As powerful politicians rub shoulders with wealthy business leaders in Davos, the person bearing the message that the UK is open for business isn’t Prime Minister Rishi Sunak but the man who wants his job — Labour Party leader Keir Starmer, and he has a message for Sunak, too.

(Bloomberg) — As powerful politicians rub shoulders with wealthy business leaders in Davos, the person bearing the message that the UK is open for business isn’t Prime Minister Rishi Sunak but the man who wants his job — Labour Party leader Keir Starmer, and he has a message for Sunak, too.

“Our prime minister should have showed up,” Starmer told a panel at the World Economic Forum in Davos on Thursday. “It’s important I’m here… as a statement of intent that should there be a change of government… that the UK will play its part on the global stage in a way it probably hasn’t in recent years.”

Sunak — a multimillionaire whose opponents have attempted to paint as unable to relate to ordinary Britons — chose to avoid the optics of a trip to Davos, especially at a time when the UK is struggling with a record squeeze on living standards. Instead, he’ll be in northern England on Thursday announcing a new tranche of so-called levelling up funding designed to equalize opportunities across the country.

It’s a reversal of the roles traditionally associated with the UK’s two leading political parties — and one which Starmer will hope to consolidate — two years at most from the next general election. Labour leads by more than 20 points in the polls, and Sunak has spent his first few months in office trying to clean up the mess left by his predecessors after a year of unprecedented political upheaval within the ruling Conservatives.

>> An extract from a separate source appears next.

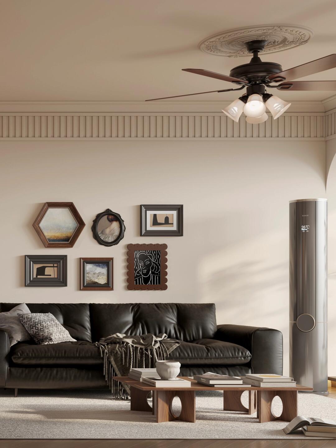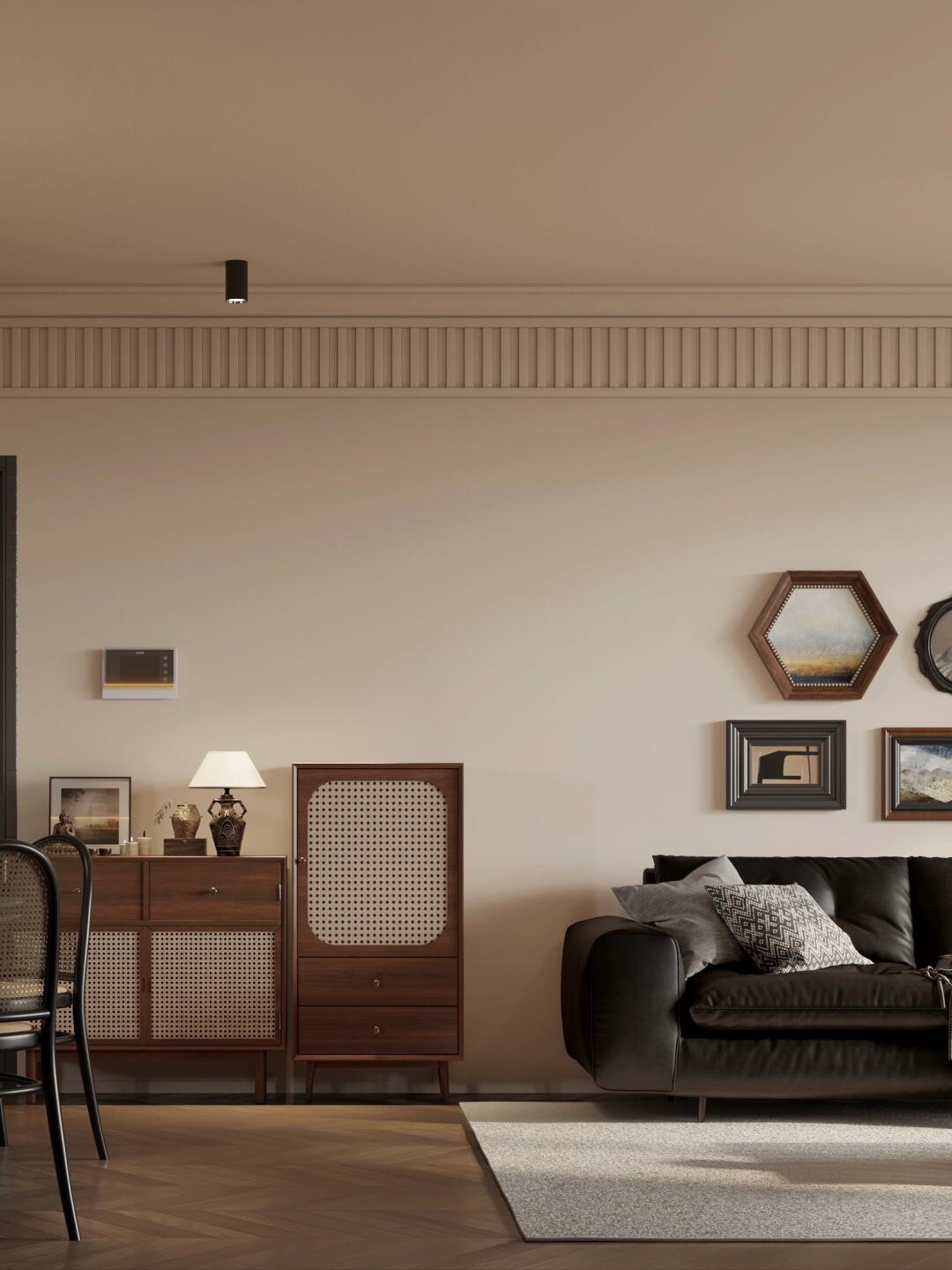 全屋通鋪魚骨紋木紋磚和咖色系墻面搭配,奠定了整個(gè)空間的基調(diào)。

Starmer and his finance spokeswoman, shadow chancellor Rachel Reeves, are in the Swiss resort to send a “clear message” that they’re committed to attracting more business investment to the UK, particularly when it comes to green industries of the future, they said in a statement.

“With Labour in government, Britain will be open for business,” Reeves said. “We have the ambition and the practical ideas to have our country lead on the global stage again, especially in those green industries of the future that are so vital for our energy security.”

Starmer and Reeves separately told the Financial Times that they would use their trip to Davos to rebuild the UK economy “on the rock of fiscal and financial responsibility” and closer trade ties with Europe. “We have to be clear that we want a closer trading relationship with the EU,” Starmer told the FT. 

To be sure, the government is represented in Davos by Business Secretary Grant Shapps and International Trade Secretary Kemi Badenoch. But a slew of other cabinet ministers will fan out across Britain today to help Sunak publicize the regional funding — designed to deliver on the party’s 2019 electoral promise under former Prime Minister Boris Johnson to “level up” opportunities nationwide.

But with Starmer building momentum and looking increasingly comfortable on the world stage, Sunak’s Tories may only have two more years to deliver on that pledge.

Starmer, meanwhile, has focused on repairing relations with British business after they were badly damaged by his predecessor, Jeremy Corbyn, a product of the party’s left wing. Last month, Reeves told a conference attended by 350 executives that “Labour is back in business,” while corporate leaders have responded, saying they’re prepared to work with the opposition party.